Un gobierno en llamas: de la causa Adorni a la guerra Caputo-Menem

El episodio se inscribe en un cuadro de crisis múltiple que acecha al gobierno libertario. Por un lado, la causa judicial por enriquecimiento ilícito que pesa sobre el jefe de Gabinete, Manuel Adorni, ya con un patrimonio investigado superior a los 840.000 dólares, que incluye refacciones de lujo pagadas en efectivo, el uso del avión presidencial para viajes privados de su esposa Bettina Angeletti, y sospechas de triangulaciones con empresas estatales como YPF y la Agencia Nacional de Discapacidad (ANDIS). Por otro, la causa $Libra, que investiga una estructura de lavado de dinero que habría servido para canalizar fondos utilizados en adquisiciones inmobiliarias vinculadas al entorno del gobierno.

En ese contexto, la fractura entre Santiago Caputo y el clan Menem dentro de La Libertad Avanza añade una nueva capa de inestabilidad a un oficialismo que, a más de dos años de gestión, exhibe las costuras de un proyecto construido sobre la confrontación permanente. Integrantes del gabinete solicitaron la intervención directa de Milei ante la escalada entre ambas facciones.
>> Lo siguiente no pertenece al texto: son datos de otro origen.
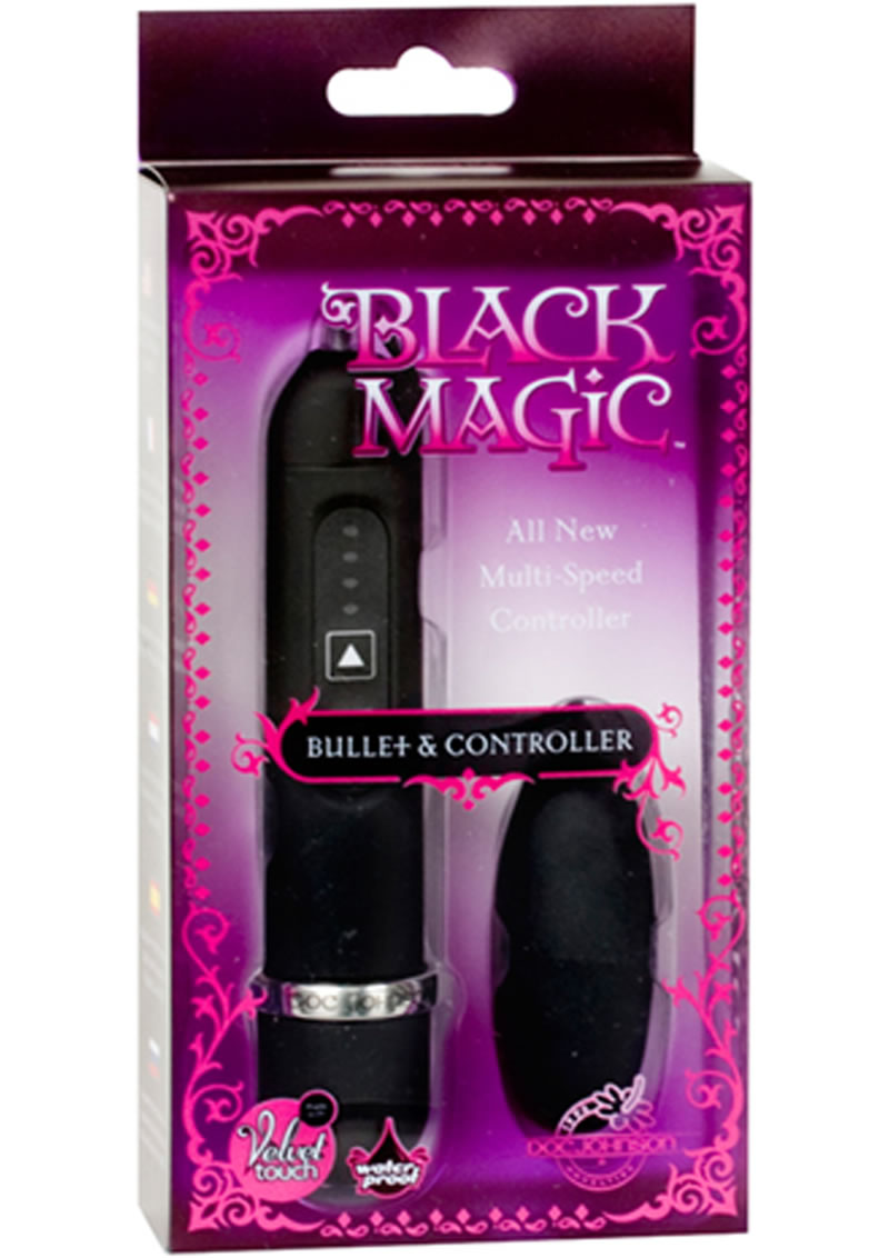Make some magic happen with Doc Johnson’s 2″ Black Magic Bullet. 4-speed action will titillate your nipples, clitoris, or anywhere else you can imagine. Whether used alone or in good company, water based lube is recommended for the best effect. It also features a one-touch multi-speed controller and a luxurious Velvet Touch coating. Waterproof, and made of body-safe, phthalate-free ABS plastic.
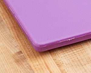 This cutting board can be used for cutting any items; however, it is important to adopt a color code system in your restaurant to prevent cross-contamination and to engage in food allergy management. Because this board is purple, it should ideally be used for items with special food preparation requirements, or allergen-free items. For example, you may designate this board solely for gluten-free or peanut-free preparation. Or perhaps you will use it to prepare vegan or vegetarian options.
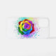 Large, blooming rose with rainbow petals on white background, painted over with splashes of colourful, bright paint. 3d
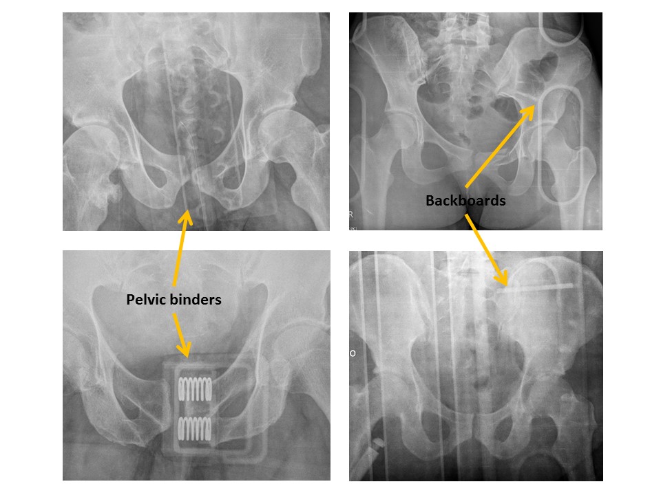 There are external structures overlying the patient’s pelvis, such as a backboard. [Yes/No]

«Hacer Argentina grande otra vez»: el eslogan que ya no alcanza

El cierre del posteo de Caputo, «Mientras tanto haré mi mejor esfuerzo para cumplir su mandato: hacer Argentina grande otra vez», reedita sin disimulo la retórica del expresidente estadounidense Donald Trump, referente ideológico confeso del espacio libertario. La consigna, sin embargo, choca con la realidad de un gobierno que, según datos del INDEC de marzo de 2026, mantiene la inflación interanual de la Canasta Básica Alimentaria por encima del 32,8%, acumula recortes del 31% en el gasto primario desde diciembre de 2023 y enfrenta investigaciones judiciales en múltiples frentes.

La apuesta de Caputo por la lealtad personal en lugar de la política programática resulta coherente con la lógica del espacio: en La Libertad Avanza, el vínculo con el líder reemplaza a la ideología como único adhesivo. Lo que la interna revela es que ese adhesivo empieza a agrietarse.

Puntos clave

  • Santiago Caputo descartó cualquier renuncia voluntaria y ratificó su subordinación exclusiva a Milei.
  • El cruce entre Caputo y Martín Menem se desató durante el fin de semana y encendió las alarmas del gabinete.
  • Integrantes del gobierno pidieron la intervención de Milei para contener la escalada interna.
  • El oficialismo acumula frentes judiciales abiertos: causas Adorni, $Libra y ANDIS, entre otras.
  • La crisis interna se desarrolla en paralelo al deterioro económico sostenido de los hogares argentinos.